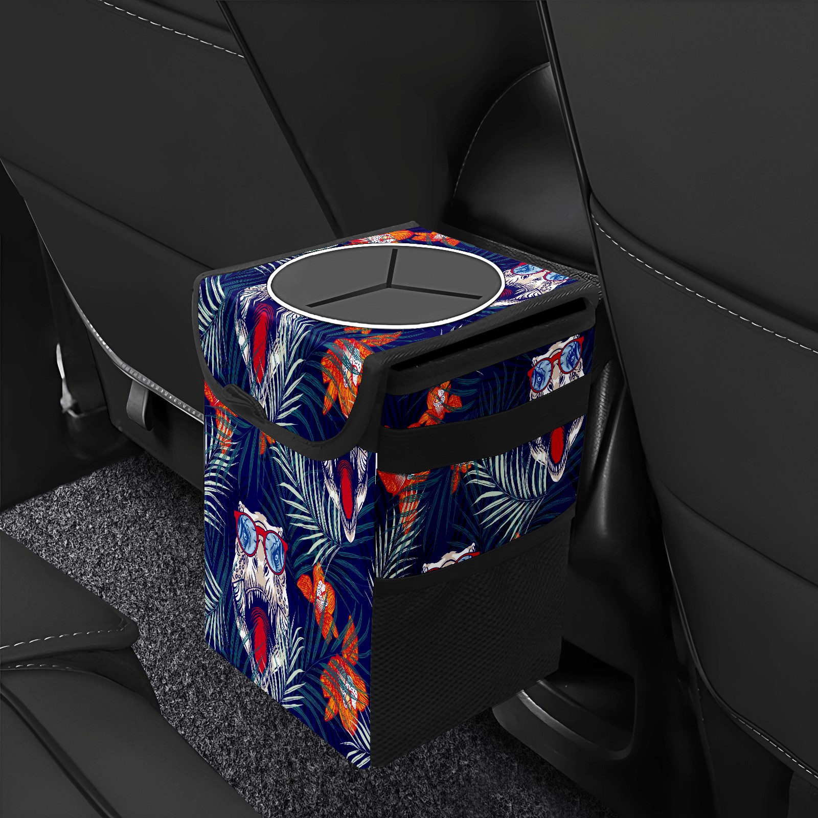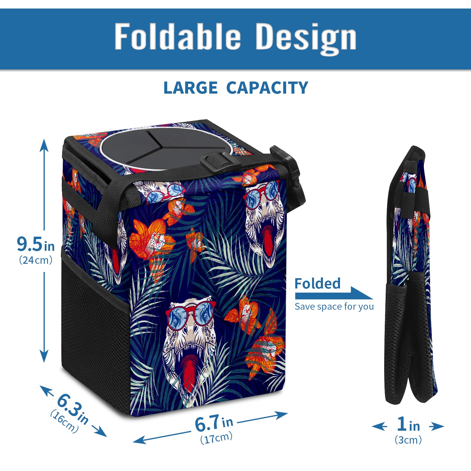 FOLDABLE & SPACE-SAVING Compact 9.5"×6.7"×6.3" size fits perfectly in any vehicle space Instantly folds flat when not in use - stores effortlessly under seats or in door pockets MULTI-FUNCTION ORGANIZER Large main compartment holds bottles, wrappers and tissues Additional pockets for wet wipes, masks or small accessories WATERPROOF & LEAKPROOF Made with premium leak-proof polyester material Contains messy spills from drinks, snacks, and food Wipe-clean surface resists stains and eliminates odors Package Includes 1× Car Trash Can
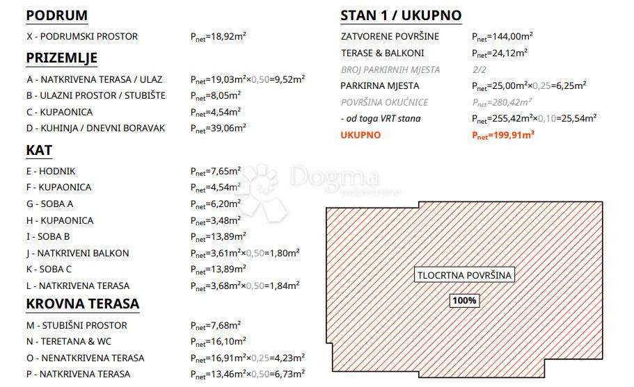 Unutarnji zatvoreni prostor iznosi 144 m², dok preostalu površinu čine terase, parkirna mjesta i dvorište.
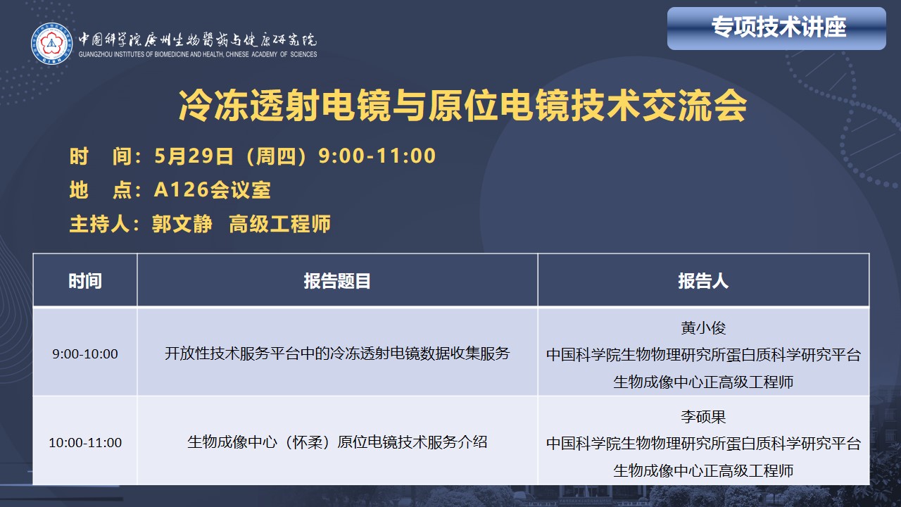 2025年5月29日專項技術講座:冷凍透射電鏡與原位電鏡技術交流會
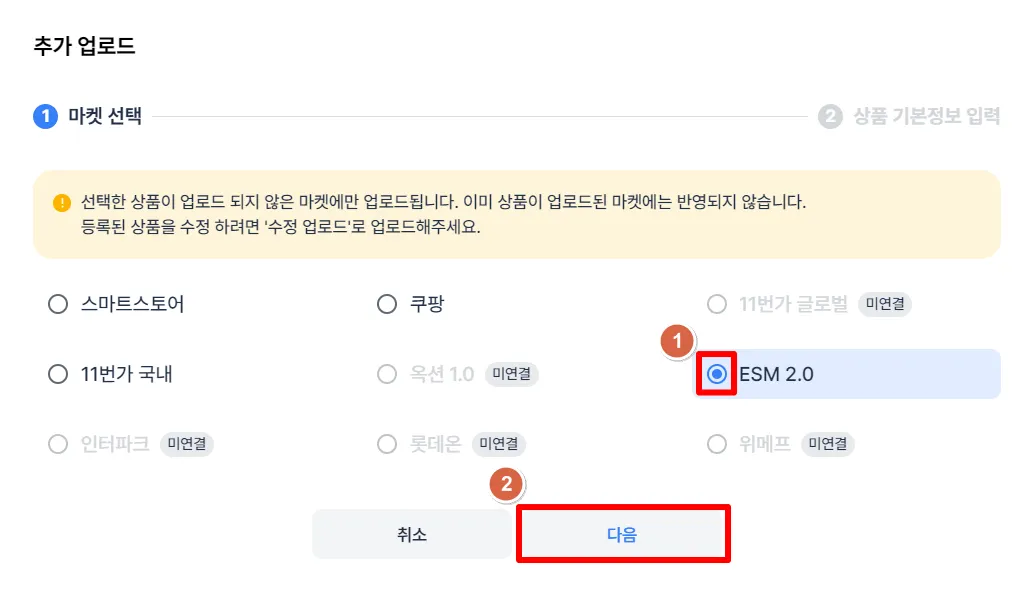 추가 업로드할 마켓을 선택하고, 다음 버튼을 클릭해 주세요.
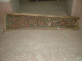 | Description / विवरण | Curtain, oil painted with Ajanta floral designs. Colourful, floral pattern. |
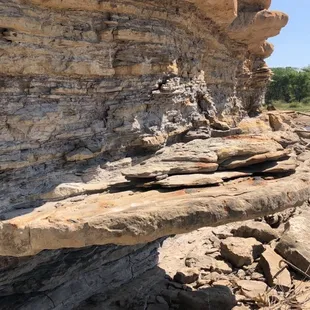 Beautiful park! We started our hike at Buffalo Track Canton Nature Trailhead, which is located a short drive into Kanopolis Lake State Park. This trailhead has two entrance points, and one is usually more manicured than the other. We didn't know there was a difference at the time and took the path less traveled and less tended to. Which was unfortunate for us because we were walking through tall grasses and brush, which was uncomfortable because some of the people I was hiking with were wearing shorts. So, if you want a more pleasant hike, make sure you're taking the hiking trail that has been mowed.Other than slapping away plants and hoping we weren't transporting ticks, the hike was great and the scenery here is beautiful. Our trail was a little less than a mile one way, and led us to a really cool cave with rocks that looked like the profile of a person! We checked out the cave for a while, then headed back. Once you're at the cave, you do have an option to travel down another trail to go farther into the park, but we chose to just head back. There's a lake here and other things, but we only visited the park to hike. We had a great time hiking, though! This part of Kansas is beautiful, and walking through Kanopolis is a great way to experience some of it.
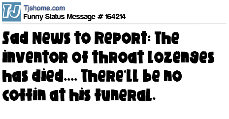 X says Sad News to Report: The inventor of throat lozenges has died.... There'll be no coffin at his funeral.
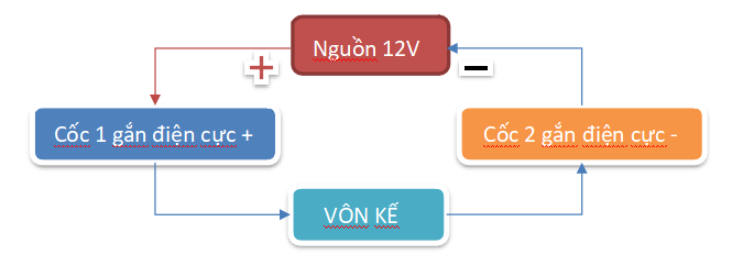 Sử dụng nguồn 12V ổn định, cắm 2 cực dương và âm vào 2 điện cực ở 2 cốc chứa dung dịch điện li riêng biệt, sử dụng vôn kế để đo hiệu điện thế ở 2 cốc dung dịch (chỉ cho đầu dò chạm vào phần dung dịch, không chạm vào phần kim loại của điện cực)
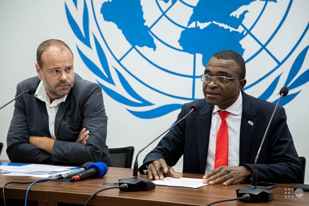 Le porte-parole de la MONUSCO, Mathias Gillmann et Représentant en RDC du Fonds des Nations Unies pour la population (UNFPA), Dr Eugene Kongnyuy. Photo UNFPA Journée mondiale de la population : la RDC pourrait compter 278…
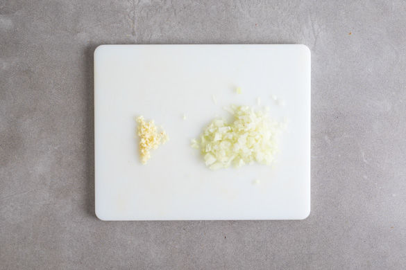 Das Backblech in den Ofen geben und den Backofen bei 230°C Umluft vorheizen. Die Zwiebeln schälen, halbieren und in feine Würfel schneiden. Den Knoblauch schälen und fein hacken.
...
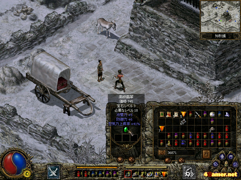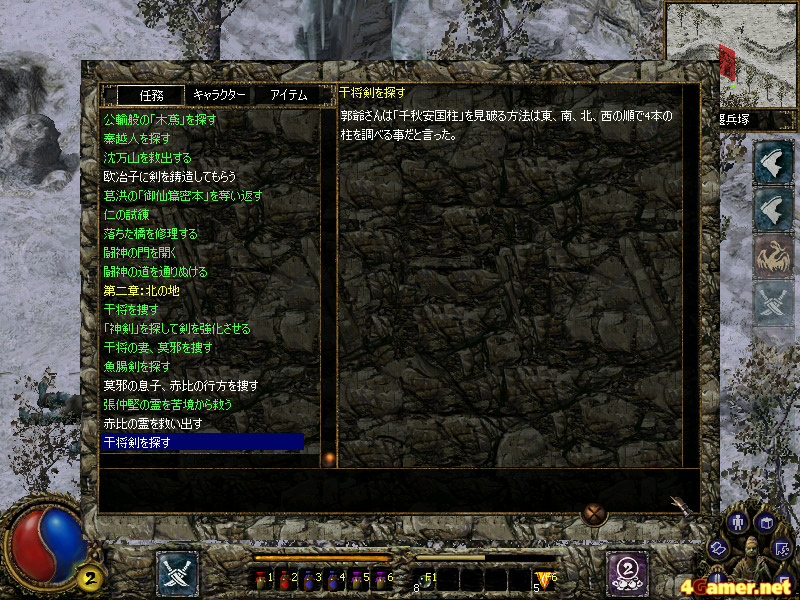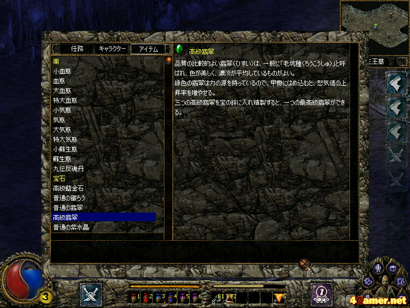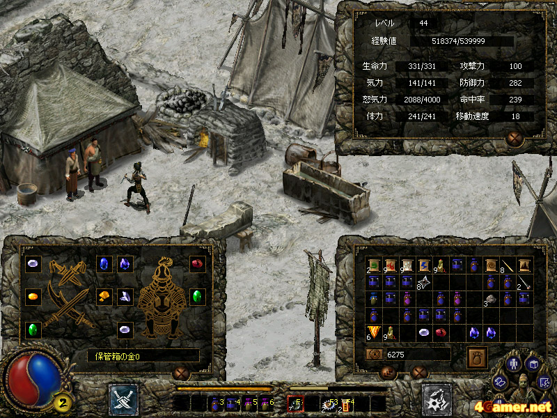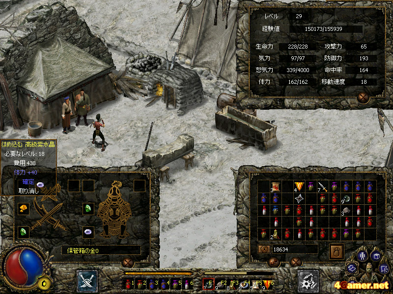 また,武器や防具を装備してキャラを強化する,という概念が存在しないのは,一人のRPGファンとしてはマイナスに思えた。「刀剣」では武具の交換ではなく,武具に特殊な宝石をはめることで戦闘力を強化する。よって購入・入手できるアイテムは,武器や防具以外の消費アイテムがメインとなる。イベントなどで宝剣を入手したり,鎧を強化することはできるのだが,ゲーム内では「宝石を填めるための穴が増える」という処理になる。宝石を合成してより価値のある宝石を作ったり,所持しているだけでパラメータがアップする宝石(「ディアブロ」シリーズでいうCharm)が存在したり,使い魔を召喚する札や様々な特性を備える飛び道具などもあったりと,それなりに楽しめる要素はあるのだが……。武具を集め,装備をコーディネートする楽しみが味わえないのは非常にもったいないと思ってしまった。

(Your instructions)
Could you write out exactly the lines of the data above that run from the one holding "Le porte-parole de" to the one holding "Das Backblech in", with both ends in and all pictures out?

(Output for this exercise)
 Le porte-parole de la MONUSCO, Mathias Gillmann et Représentant en RDC du Fonds des Nations Unies pour la population (UNFPA), Dr Eugene Kongnyuy. Photo UNFPA Journée mondiale de la population : la RDC pourrait compter 278…
 Das Backblech in den Ofen geben und den Backofen bei 230°C Umluft vorheizen. Die Zwiebeln schälen, halbieren und in feine Würfel schneiden. Den Knoblauch schälen und fein hacken.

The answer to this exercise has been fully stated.